Aldwin Rahadian mengatakan, dari awal proses hukum perkara kliennya banyak variabel unsur kepentingan dan politis. Dia mencontohkan dakwaan Pasal 32 ayat 2 yang tiba-tiba ditujukan ke kliennya padahal sejak awal tidak ada dakwaan pasal tersebut.
"Lalu yang mengagetkan adalah pernyataan Jaksa Agung di Rapat Komisi III DPR bahwa tuntutan dua tahun penjara terhadap Buni Yani merupakan bentuk keseimbangan vonis terhadap Ahok," katanya.
Dia mengatakan, pernyataan Jaksa Agung itu semakin memperkuat pendapat bahwa perkara Buni Yani sarat kepentingan dan terhadapat unsur balas dendam.
Menanggapi apa yang disampaikan Buni maupun pengacaranya, Fadli menegaskan bahwa DPR tidak bisa mengintervensi terhadap proses hukum yang sedang berjalan menuju vonis tetapi dirinya berempati terhadap apa yang terjadi dengan fakta-fakta yang ada di ruang publik.
Namun demikian, kata Fadli Zon, bahwa DPR akan mengawasi proses penegakkan hukum dalam kasus Buni Yani yang dituduh menyebarkan ujaran kebencian, agar prosesnya tidak keluar dari koridor peraturan perundang-undangan.
"Saya melihat bahwa proses penegakkan hukum tentu dari sisi DPR adalah sisi pengawasan. Bagaimana DPR bisa mengawasi di dalam proses penegakan hukum itu sesuai dengan aturan yg ada," kata Fadli.
Fadli mengatakan, pengawasan itu sangat terbuka, termasuk pengawasan penggunaan UU termasuk pengawasan terhadap para pejabat.
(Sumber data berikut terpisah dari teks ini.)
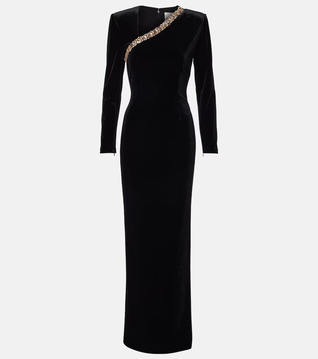 لا تكتمل أجواء الأعياد والمناسبات الشتوية دون اللجوء إلى قماش المخمل. هذا النسيج الغني والفاخر هو المُرادف الحقيقي للدفء والرقي، ويُضفي على الإطلالة عمقاً وملمساً لا مثيل له. تألقي بفستان "نينا ماكسي" من Taller Marmo، المصنوع من المخمل الناعم، يتميز بفتحة رقبة أنيقة بدون أكمام وحواف مزينة بشراشيب جذابة على شكل حرف V. نسقي معه حقيبة "لا كانيت" La Canette الصغيرة بتصميم دلو من علامة Alaïa مصنوعة من جلد السويد، وتتميز بحزام جلدي قابل للتعديل وأجزاء معدنية ذهبية أنيقة. أكملي اللوك بحذاء Jimmy Choo باللون البرغندي، وزيّني الإطلالة بأقراط من Anita Ko مصنوعة من ذهب عيار 18 قيراطًا، ومرصّعة بصفّ من الماسات المستديرة.

Menurut dia, seharusnya hukum tidak menjadi alat kepentingan politik dan tidak dikait-kaitkan dengan satu hal politik apalagi punya motif balas dendam atau motif-motif lain.
"Saya menilai tidak boleh ada kriminalisasi terhadap warga negara, apalagi yang bisa mereduksi hak dari warga negara yang sudah dijamin oleh kontitusi kita yaitu UUD 1945," ujarnya.